* _EXERCISE PROMPT_:
Starting at the line holding "Personalised engagement she" and finishing at the line holding "Také jsme zajeli", transcribe the material exactly, keeping both ends but no pictures.

* _TASK INPUTS_:
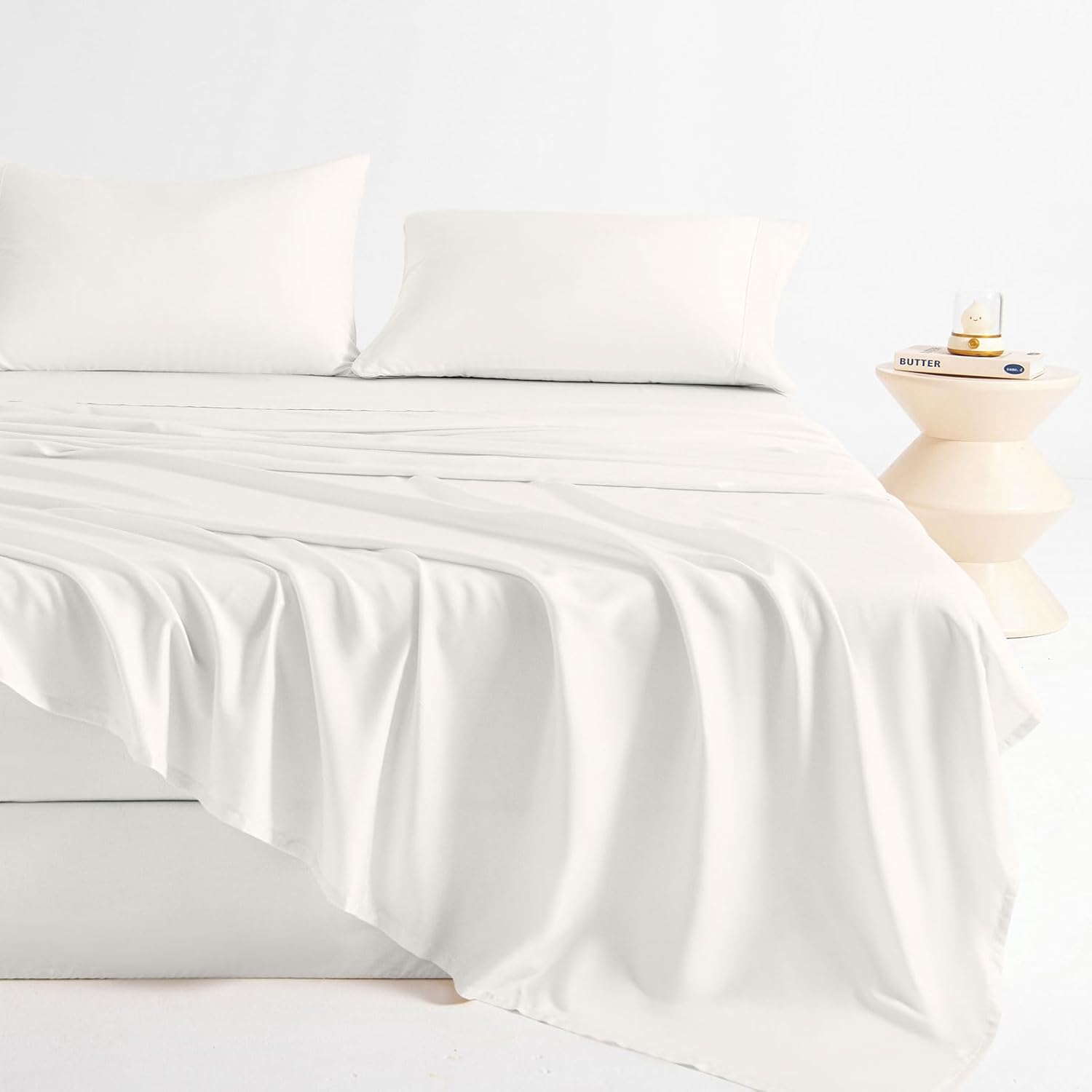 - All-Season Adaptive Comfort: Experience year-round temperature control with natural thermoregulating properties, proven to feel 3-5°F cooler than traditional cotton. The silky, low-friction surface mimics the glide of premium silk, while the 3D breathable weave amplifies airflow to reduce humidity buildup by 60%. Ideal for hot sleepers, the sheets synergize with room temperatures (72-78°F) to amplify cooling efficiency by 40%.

* * *

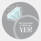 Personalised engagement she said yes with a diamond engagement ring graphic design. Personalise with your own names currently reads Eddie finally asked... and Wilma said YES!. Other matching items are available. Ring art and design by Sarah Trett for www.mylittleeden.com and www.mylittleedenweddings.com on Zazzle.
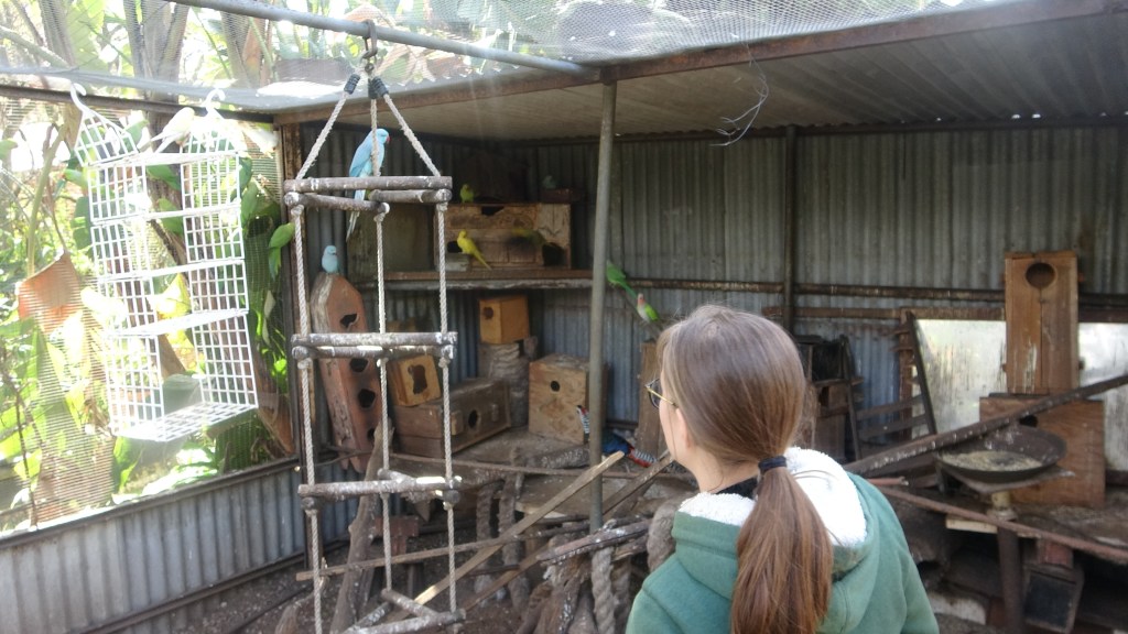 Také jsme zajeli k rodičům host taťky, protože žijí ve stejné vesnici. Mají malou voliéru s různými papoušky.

* _REPLY TO THE TASK_:
 Personalised engagement she said yes with a diamond engagement ring graphic design. Personalise with your own names currently reads Eddie finally asked... and Wilma said YES!. Other matching items are available. Ring art and design by Sarah Trett for www.mylittleeden.com and www.mylittleedenweddings.com on Zazzle.
 Také jsme zajeli k rodičům host taťky, protože žijí ve stejné vesnici. Mají malou voliéru s různými papoušky.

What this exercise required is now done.